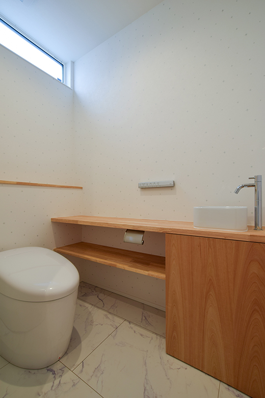 木の風合いを生かした造作カウンターが、温かみのある雰囲気を演出したトイレ空間
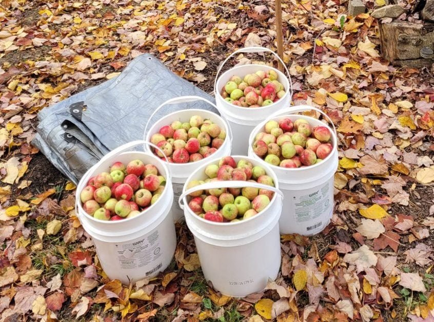 Passing the old apple tree around the corner, we saw it was loaded with heavy fruit. Within two hours we had set up a tarp, shook the apples into it, and filled 5 buckets with fruit to be preserved.
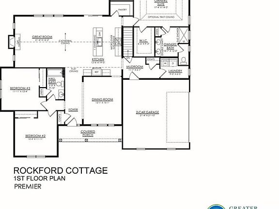 To be built home with ability to customize - Introducing the Rockford, an inviting Ranch home designed for both comfort and style and offers a thoughtful layout that maximizes space and functionality. At the heart of the home, the open-concept design of the Great Room and Kitchen creates a welcoming atmosphere. With a grand cathedral ceiling and a wall of windows, there is a sense of openness so that no matter how many people visit, you will never feel cramped. The Owners' Suite tucked away in the back of the home includes two spacious Walk-In Closets, as well as its own ensuite bathroom for added privacy. The Rockford also features two additional Bedrooms that offer flexibility for guests, a home office, or other uses to suit your needs. With thoughtfully designed spaces and a layout that promotes flow and functionality, this home is a perfect retreat for those seeking easy living without sacrificing style or comfort.
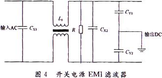 濾波是抑制傳導(dǎo)干擾的一種很好的辦法。在電源輸入端接上濾波器,即可以抑制開關(guān)電源產(chǎn)生并向電網(wǎng)反饋的干擾,也可以抑制來自電網(wǎng)的噪聲對電源本身的侵害。開關(guān)電源的工作頻率一般在10~130kHz,對開關(guān)電源產(chǎn)生的高頻段EMI信號,只要選擇相應(yīng)的去耦電路或網(wǎng)絡(luò)結(jié)構(gòu)較為簡單的EMI濾波器,就能達(dá)到理想的濾波效果。干擾抑制電路如圖4所示,CX1和CX2叫做差模電容,L1叫做共模電感,CY1和CY2叫做共模電容。電阻R用于消除可能在濾波器中出現(xiàn)的靜電積累。IEC-380安全技術(shù)條件標(biāo)準(zhǔn)的8.8部分指出,若CX>0.1μF則R=t/2.2C(t=1s,C=2CXμF)。
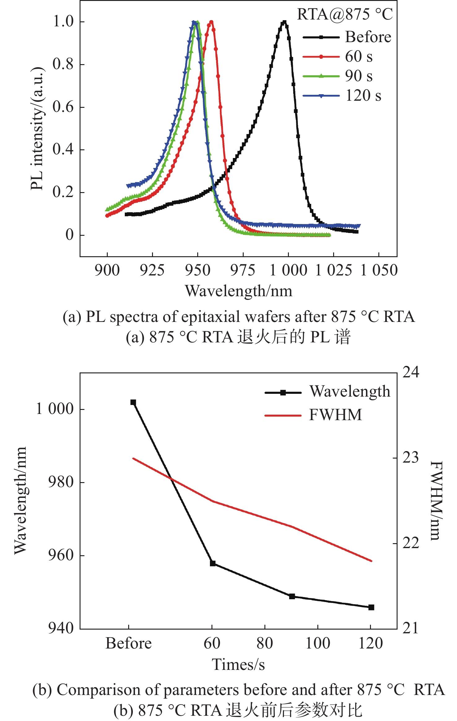 腔面光学灾变损伤是导致高功率量子阱半导体激光器阈值输出功率受限制的关键因素。通过量子阱混杂技术调整半导体激光器腔面局部区域处有源区材料的带隙宽度,形成对输出光透明的非吸收窗口,可提高激光器输出功率。本文基于InGaAs/AlGaAs高功率量子阱半导体激光器初级外延片,以外延Si单晶层作为扩散源,结合快速热退火方法开展了杂质诱导量子阱混杂研究。探索了介质层生长温度、介质层厚度、热处理温度、热处理时间等条件对混杂效果的影响。结果表明,50 nm的650 °C低温外延Si介质层并结合875 °C/90 s快速热退火处理可在保证光致发光谱的同时获得约57 nm的波长蓝移量。能谱测试发现,Si杂质扩散到初级外延片上的波导层是导致量子阱混杂效果显著的关键。
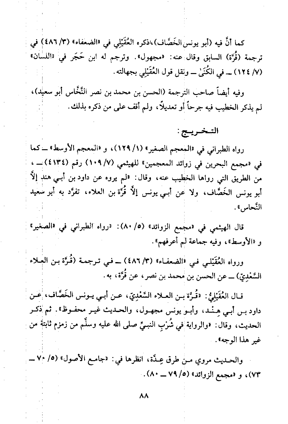 كما أنَّ فيه (أبو يونس الخَصَّاف)، ذكره العُقَيْلِي في "الضعفاء" (٣/ ٤٨٦) في ترجمة (قُرَّة) السابق وقال: عنه: "مجهول". وترجم له ابن حَجَر في "اللسان" (٧/ ١٢٤) -في الكُنَى- ونقل قول العُقَيْلِي بجهالته.

------------------------------

Take the lines of the material above from the first through the one containing "Passing the old", both included, and print them exactly without the pictures.

• SOLUTION TO THIS PROBLEM:
 木の風合いを生かした造作カウンターが、温かみのある雰囲気を演出したトイレ空間
 Passing the old apple tree around the corner, we saw it was loaded with heavy fruit. Within two hours we had set up a tarp, shook the apples into it, and filled 5 buckets with fruit to be preserved.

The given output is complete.